Anti-Agnipath protests: Several detained for attempting to block highways in J&K

STATE TIMES NEWS

Jammu: Several youths were detained on Friday as they took to streets in Jammu and Kashmir and tried blocking highways to protest against the newly launched Agnipath military recruitment scheme, an official said.
The unhappy army aspirants demonstrated in Jammu, Kathua and Rajouri districts of the state.
Police resorted to lathicharge and detained several protestors after they became violent and indulged in stone pelting at Kunjwani Chowk on Jammu-Pathankot Highway in the outskirts of Jammu.
Accusing police of high-handedness, one of the protesters named Rahul Sharma said that the aspirants had just started assembling when police resorted to lathicharge without any provocation.

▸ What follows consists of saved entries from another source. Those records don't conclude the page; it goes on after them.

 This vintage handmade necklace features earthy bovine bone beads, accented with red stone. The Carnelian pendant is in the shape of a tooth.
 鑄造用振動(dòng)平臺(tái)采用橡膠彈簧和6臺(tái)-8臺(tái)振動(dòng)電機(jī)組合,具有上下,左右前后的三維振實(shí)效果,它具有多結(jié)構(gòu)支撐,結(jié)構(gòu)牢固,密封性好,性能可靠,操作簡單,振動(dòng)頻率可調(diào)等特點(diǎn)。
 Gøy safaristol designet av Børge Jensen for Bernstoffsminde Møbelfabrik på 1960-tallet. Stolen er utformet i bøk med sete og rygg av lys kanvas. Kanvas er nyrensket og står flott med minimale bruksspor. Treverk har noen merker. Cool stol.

He said that they reject the new scheme and took to streets to press for their recruitment as per the previous scheme.
“We have submitted our forms for recruitment in the army in February 2020 and have already cleared the physical and medical examination. The written test was not undertaken by the army over the past one year and now they have come up with this scheme which is unjustified and anti-youth, Sharma said amid anti-BJP sloganeering. The protesters have threatened to intensify the agitation in the coming days.

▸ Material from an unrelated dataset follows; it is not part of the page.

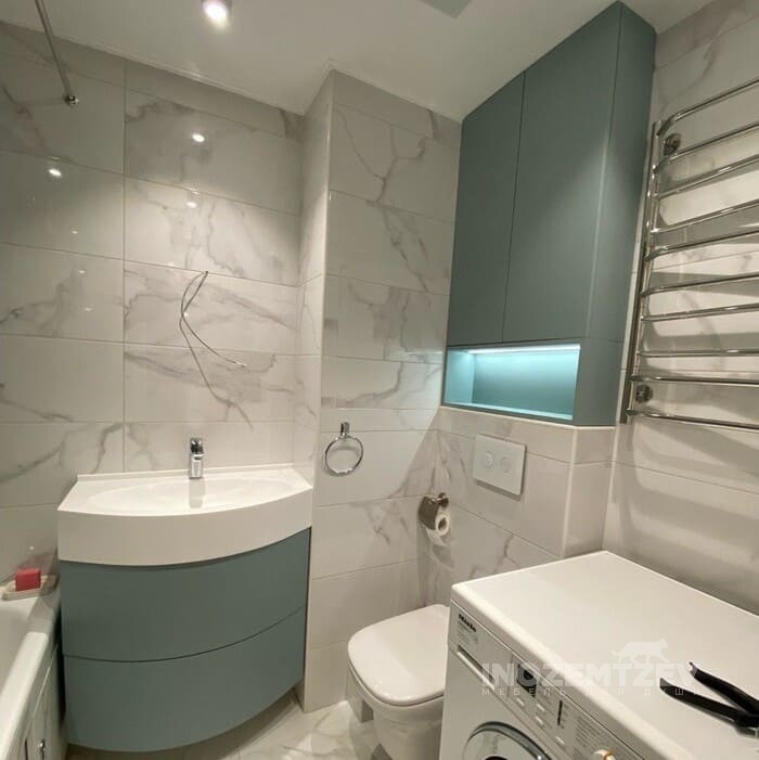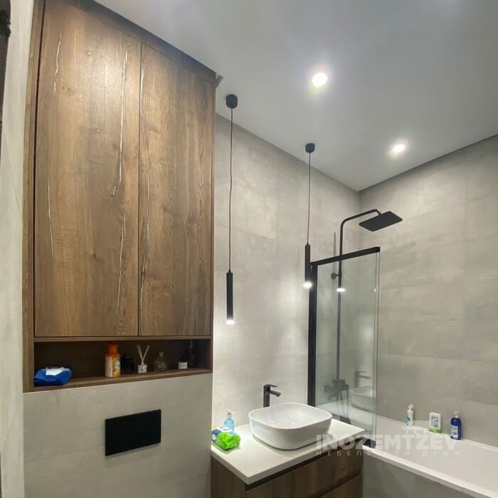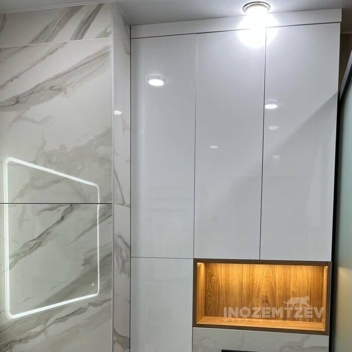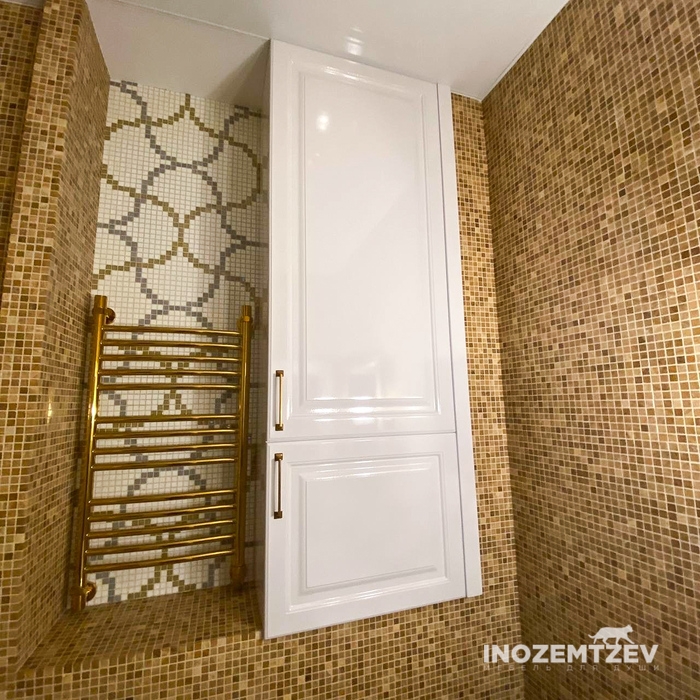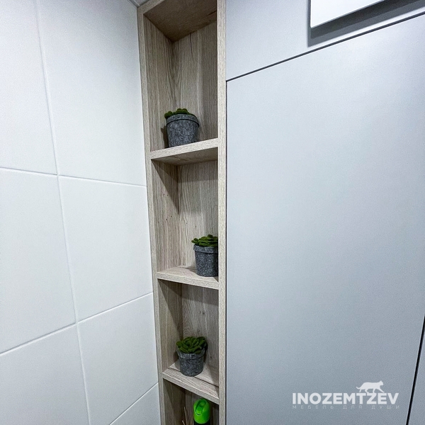 Шкаф в нишу и небольшая тумба под раковину в ванную комнату

Another group of protestors tried to block the Jammu-Pathankot Highway near Kalibari Chowk in Kathua district, the official said, adding that police dispersed those who pulled down a poster of Union Minister Jitendra Singh and raised slogans against Bharatiya Janata Party.
Another group of protesters blocked the Jammu-Rajouri National Highway near Muradpur before dispersing peacefully on the intervention of police, the official added. Unveiling the scheme on Tuesday, the government said youths between the ages of 17 and-a-half and 21 years would be inducted for a four-year tenure while 25 per cent of them will be subsequently inducted for regular service.
The youths to be recruited under the new scheme would be called ‘Agniveer’. A major objective of the scheme is to bring down the average age of military personnel and cut ballooning salary and pension bills.